A 60-year-old man presented to the dermatology outpatient department at Dr. Ram Manohar Lohia hospital, Delhi, with multiple, asymptomatic, skin-colored papules and nodules on the upper chest, which started in his adolescence and gradually increased in number. Examination revealed translucent, skin-colored to yellow dermal cysts with a smooth surface, size varying from 0.05–0.1 cm, present bilaterally symmetrically on the upper chest [Figure - 1]a. Histopathological examination was consistent with steatocystoma multiplex and revealed a cyst in the dermis with sebaceous glands embedded in its wall [Figure - 1]b and [Figure - 1]c. A decision was taken to treat some of the lesions to assess treatment response, sequelae and relapse before treating all the lesions. The carbon dioxide laser (ultra-dream pulse surgical carbon dioxide laser system, DS-40U, Daeshin Enterprise Co., Ltd., Korea) was set to super-pulse mode “C” with a pulse width of 1400 μs at laser power 2 watts and repeat time of 50 ms. The first pass was directed at the center of a lesion, using a 1 mm spot size in the super-pulsed mode and after that once the cyst was visualized, gentle pressure in horizontal direction (inward) was used to extrude the contents [Figure - 2]a and [Figure - 2]b. Later a defocused laser pass was made on the cyst lining. For smaller lesions, the whole lesion was vaporized in total. The patient was advised to apply topical antibiotic cream for 7 days and lesions were allowed to heal by secondary intention. The patient was followed up for 24 months and no recurrence was seen [Figure - 3].

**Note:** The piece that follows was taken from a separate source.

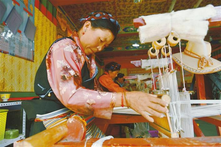 西藏日喀則仁布縣德吉林鎮(zhèn)強欽村德旦康薩農(nóng)牧民合作社是一家從事民族手工編織的專業(yè)合作社,主要生產(chǎn)卡墊、毛毯、藏裝等產(chǎn)品,現(xiàn)有員工150余名。近年來,在當?shù)卣膸椭龀窒拢献魃缦群蠼M織農(nóng)牧民進行技能培訓10次,培訓人數(shù)超過210人,通過培訓提升了合作社員工的技術(shù)能力,幫助當?shù)剞r(nóng)牧民群眾實現(xiàn)了就近就便就業(yè)的愿望。
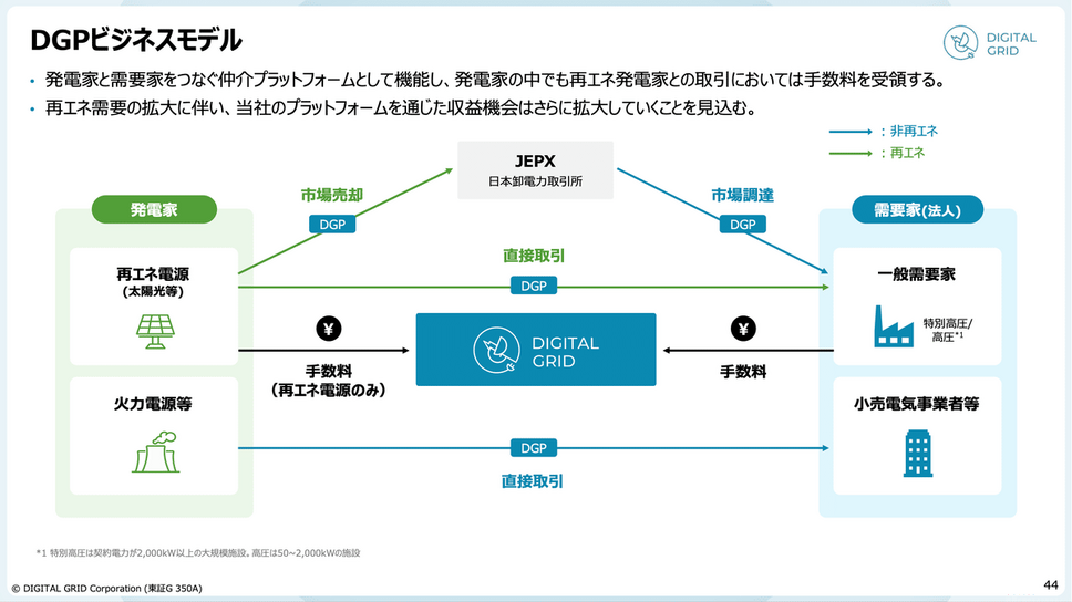 同社は発電家と需要家を仲介するプラットフォームとして機能し、特に再エネ電源との直接取引において手数料収入を得ています。再エネ需要が拡大する中、プラットフォームを通じた収益機会は今後さらに増える見込みです。

|Figure 3: Lack of recurrence and excellent cosmesis 24 months after the session|
Steatocystoma multiplex has been treated using various techniques: cryosurgery, aspiration, surgical excision, incisional techniques using blade or radio-frequency as well as the carbon dioxide laser but scarring and recurrence of the lesions are the major complications observed. Among the ablative lasers, the erbium; yttrium aluminum garnet laser has also been used but possibly because of its minimal coagulative potential, prompt recurrence has been reported. Thus, among lasers, the carbon dioxide laser remains the preferred option, with some singular advantages including the ability to treat multiple lesions during a single treatment session, a low percentage of recurrence and good cosmesis.
The basic skill of using the ablative laser involves tweaking the settings, with the aim of avoiding residual thermal damage for which ideally a pulse duration of <1 ms is needed. The residual thermal damage is visually assessed by the degree of carbonization by using the ultra-pulse mode. However, in the present study, we used the super-pulse mode and it is crucial to appreciate the rationale of the settings used in our case to reduce thermal damage and maximize the results. It is believed that, in real-life scenarios, a super-pulse carbon dioxide laser can lead to comparable results as the ultra-pulse mode and most good super-pulsed lasers can be used with excellent cosmesis, if the pulse duration of 1–1.7 ms is used with a 50 ms pulse interval. The logic of using the super pulse mode is based on the argument of Venugopalan et al. who surmised that for single pulses over a range of 0.25–10 ms, there were no significant increase in residual thermal damage for fluences of 1, 3, and 10 J/cm2. Thus the super-pulse mode of the carbon dioxide laser can be used with minimal thermal damage, if short pulses are generated as this ensures spatial confinement of thermal injury and lowering of the ablation threshold. It has also been shown that the depth of the incision increases with increasing fluences and it decreases with increasing the pulse interval while the tissue carbonization increases with decreasing the pulse interval. At a pulse interval of 50 ms, the laser thus produced no visible signs of carbonization or residual thermal damage and the settings that we used corresponded to a depth and width of 1 mm which was appropriately aligned to ablate the lesions of steatocystoma. In addition, the lack of carbonization and residual thermal damage with a pulse duration of 1–1.7 ms has been validated by Walsh et al. who reported no charring after soft-tissue incision at pulse durations less than 2 ms. Thus, our settings of 1.4 ms pulse duration and 50 ms of pulse interval was used, extrapolating the seminal data on the intricacies of super-pulsed ablation, and can be used to achieve the dual purpose of effective ablation and minimal thermal damage in most ablative indications including steatocystoma.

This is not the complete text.